- EXERCISE PROMPT: The lines to repeat are those below from the one containing "- Front double-breasted button closure" down to the one containing "[굿모닝전북신문=최진수기자] 전북특별자치도 고창군이", both included; reproduce them exactly and nothing else.

- PROVIDED RECORDS:
****************************************

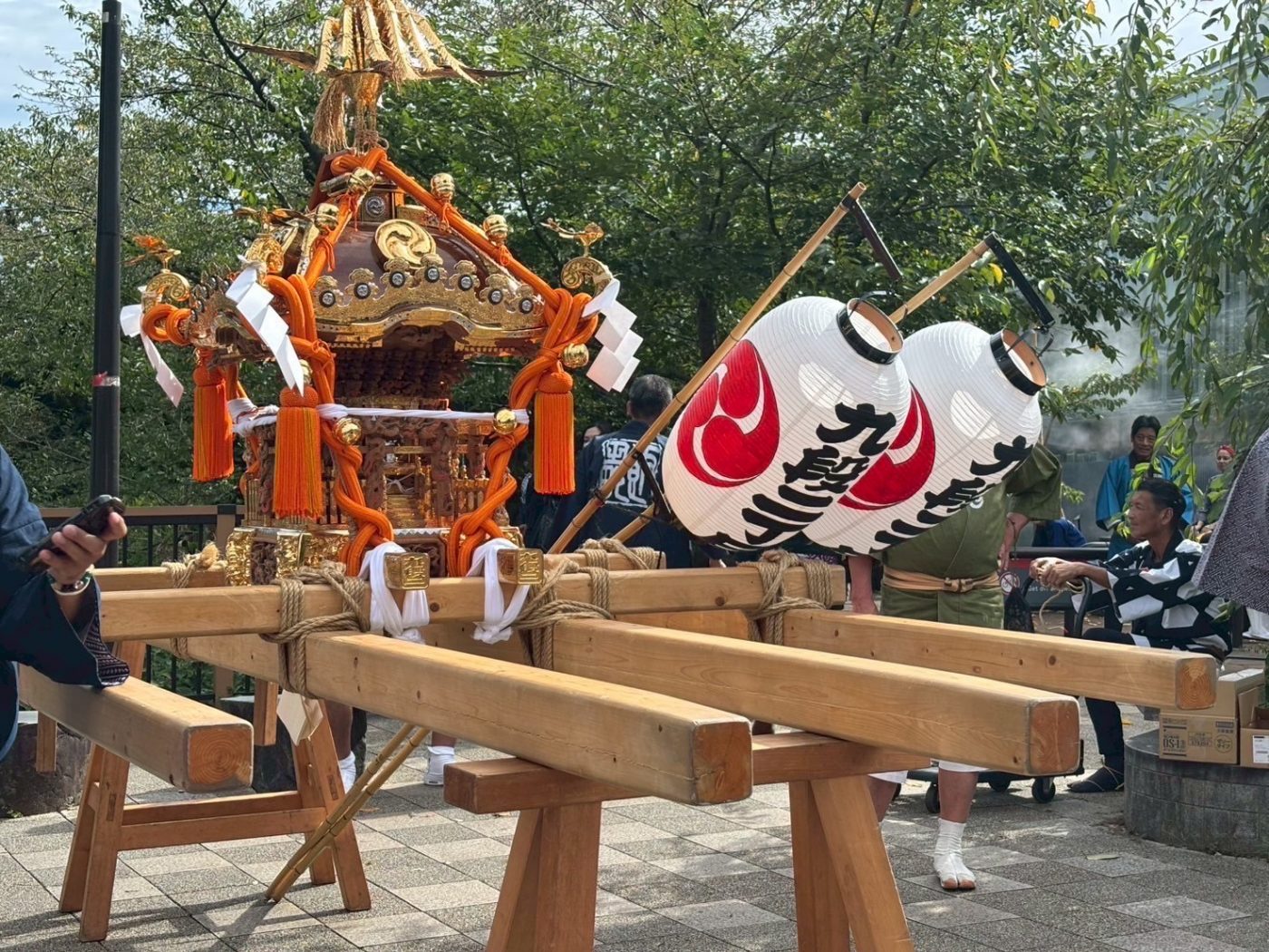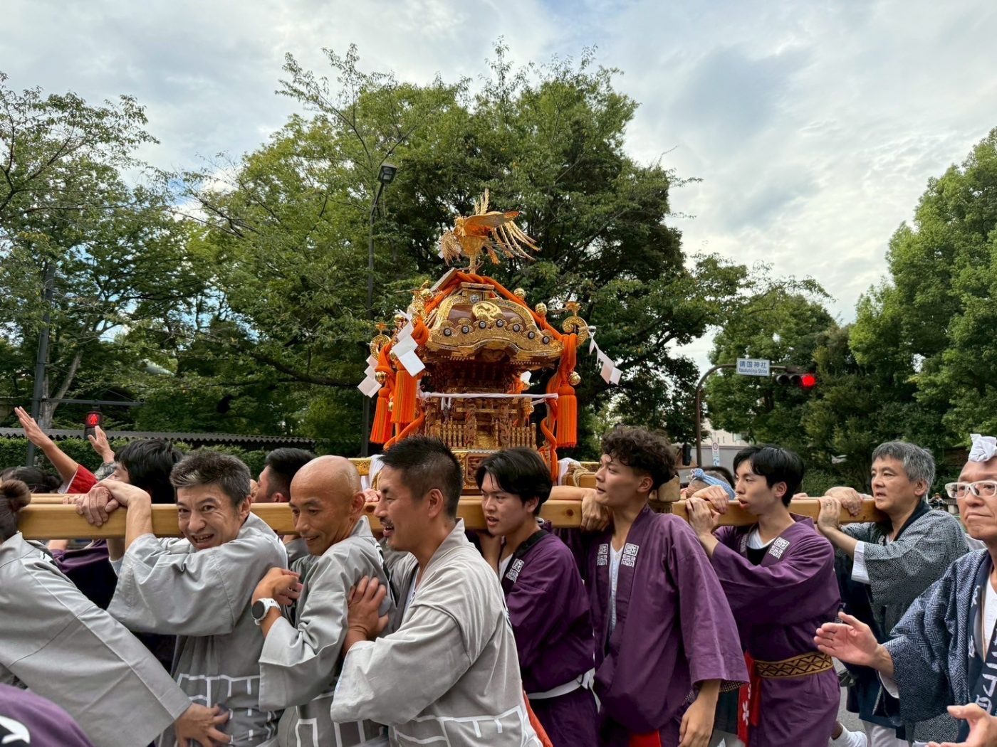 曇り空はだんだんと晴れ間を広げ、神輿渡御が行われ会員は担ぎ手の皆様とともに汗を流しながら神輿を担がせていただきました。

****************************************

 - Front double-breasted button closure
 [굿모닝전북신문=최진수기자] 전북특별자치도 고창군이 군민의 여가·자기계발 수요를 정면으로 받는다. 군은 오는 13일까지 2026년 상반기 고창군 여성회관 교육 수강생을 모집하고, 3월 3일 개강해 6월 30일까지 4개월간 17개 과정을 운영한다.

****************************************

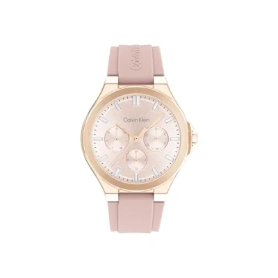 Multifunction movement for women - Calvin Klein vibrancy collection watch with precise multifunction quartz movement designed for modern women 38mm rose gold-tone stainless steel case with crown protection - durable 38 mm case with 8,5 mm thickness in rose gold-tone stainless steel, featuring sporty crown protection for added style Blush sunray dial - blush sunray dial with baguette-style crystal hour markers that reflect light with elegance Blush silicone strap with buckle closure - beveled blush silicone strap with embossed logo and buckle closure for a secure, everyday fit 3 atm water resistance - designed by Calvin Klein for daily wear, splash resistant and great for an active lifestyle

****************************************

- ANSWER BOX:
 - Front double-breasted button closure
 [굿모닝전북신문=최진수기자] 전북특별자치도 고창군이 군민의 여가·자기계발 수요를 정면으로 받는다. 군은 오는 13일까지 2026년 상반기 고창군 여성회관 교육 수강생을 모집하고, 3월 3일 개강해 6월 30일까지 4개월간 17개 과정을 운영한다.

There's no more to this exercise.